FOR IMMEDIATE RELEASE

BLOOMINGTON, Ind. -- An Indiana University education researcher and author has climbed the annual Education Week listing of the top contributors to public debate about education.

Curt Bonk, faculty member at the Indiana University School of Education, is ranked No. 74 in the Edu-Scholar Public Influence Rankings. Bonk has been listed in the rankings of the top 200 most influential scholars of education in all four years of the rankings. The 2015 rankings reflect influence in 2014. Bonk ranked 85 in last year’s listings.

The rankings are the creation of education researcher and author Rick Hess, who posts them on his Education Week blog “Rick Hess Straight Up.” He describes the rankings as a way to recognize university-based scholars contributing most substantially to public debates about education.

Annually, Hess and research assistants measure output of articles, books and academic scholarship, as well as Web and print media activity. The total score comes from Google Scholar citations; the number of books authored and co-authored; the ranking of books on Amazon.com; mentions in Education Week and The Chronicle of Higher Education; blogs; U.S. newspapers; and the Congressional Record.

Bonk travels the world to discuss the changing nature of education and technology, particularly focusing on how to best use technology to teach. He is a professor of instructional systems technology, educational psychology and cognitive science at the IU School of Education and adjunct instructor for the School of Informatics.

In addition to authoring 10 books and hundreds of articles on education and technology, Bonk has delivered more than 1,400 presentations on the subject, including keynote and invited talks during the past year in Vietnam, Thailand, Singapore, Finland, Spain, Wales and England. Among these were featured presentations on MOOCs and open education at the University of Cambridge and University College London in late June.

In May 2014, Bonk published his latest book, “Adding Some TEC-VARIETY,” co-authored with Elaine Khoo, a research fellow at the University of Waikato, Hamilton, New Zealand. “TEC-VARIETY” is an acronym for a framework of 10 motivational principles Bonk introduces to help teachers guide learners through learning with technology. This work follows his book “The World Is Open: How Web Technology Is Revolutionizing Education,” and itself adheres to the idea of making resources for education openly available on the Web. In fact, the new book is available for free at tec-variety.com and has already been downloaded more than 30,000 times.

“This book helps people in the trenches figure out what they might be able to do with these emerging technologies,” Bonk said. “The TEC-VARIETY framework helps them make pedagogical sense of what’s possible.”

The book details more than 100 unique activities for motivating and retaining students with online technology.
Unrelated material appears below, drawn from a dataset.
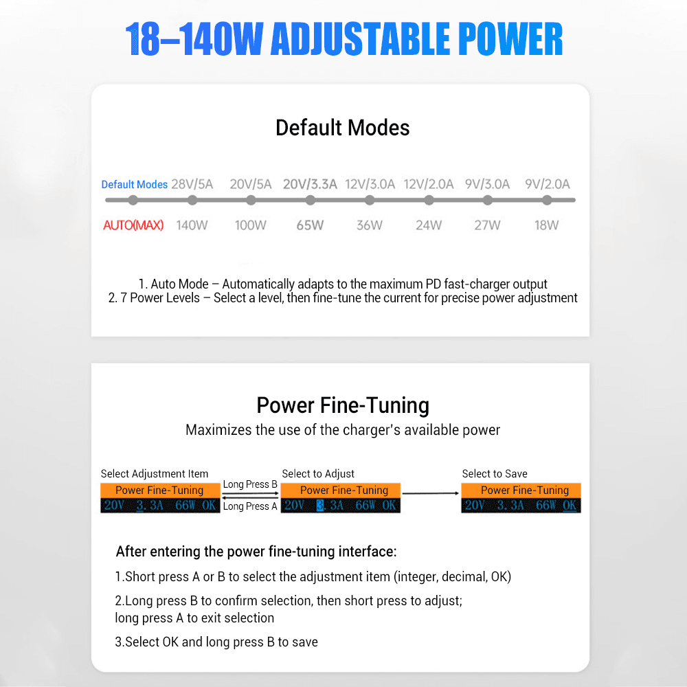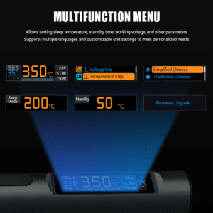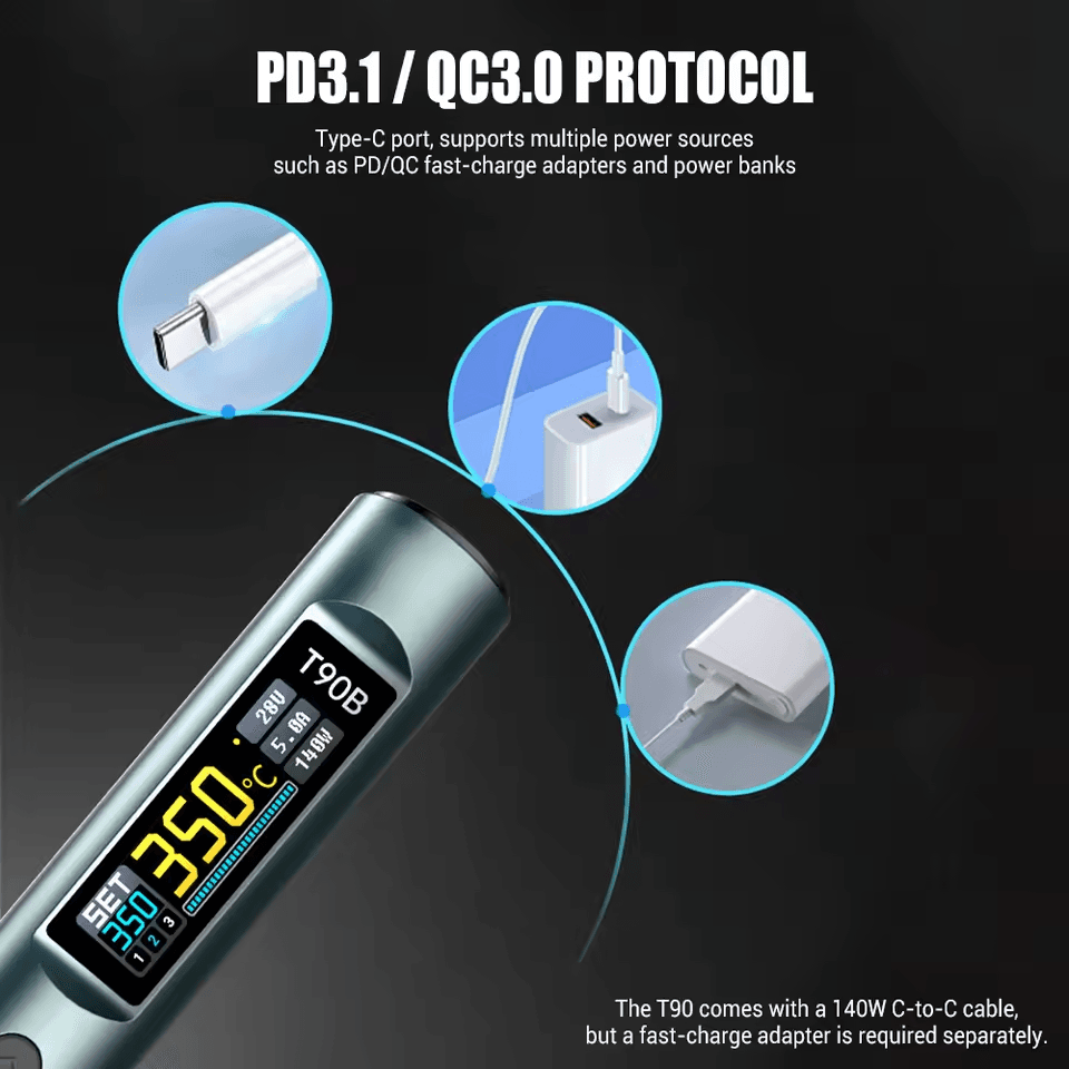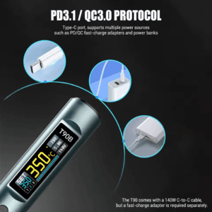 - Высокая мощность и быстрый нагрев: Выходная мощность 140 Вт (макс.) с поддержкой протокола PD3.1, что позволяет производить быструю плавку олова всего за 3 секунды.

Bonk also includes a chapter near the end on ways to support instructors who might be more hesitant or unaware of the online and blended learning opportunities available today. Acknowledging the rapidly changing landscape of learning technology, he said the TEC-VARIETY framework is a useful tool no matter how technology develops.

“People can take this with them maybe even after we move from the Web to something else,” he said. “It’s still a framework about education and teaching and quality instruction.”

Bonk has been honored many times for his work. In November, he was awarded the Outstanding Contribution to Education award from the Global Learn Tech Conference in Mumbai, India. In August, he received the Mildred B. and Charles A. Wedemeyer Outstanding Practitioner in Distance Education Award from the University of Wisconsin-Madison as part of the 30th Annual Conference on Distance Teaching and Learning.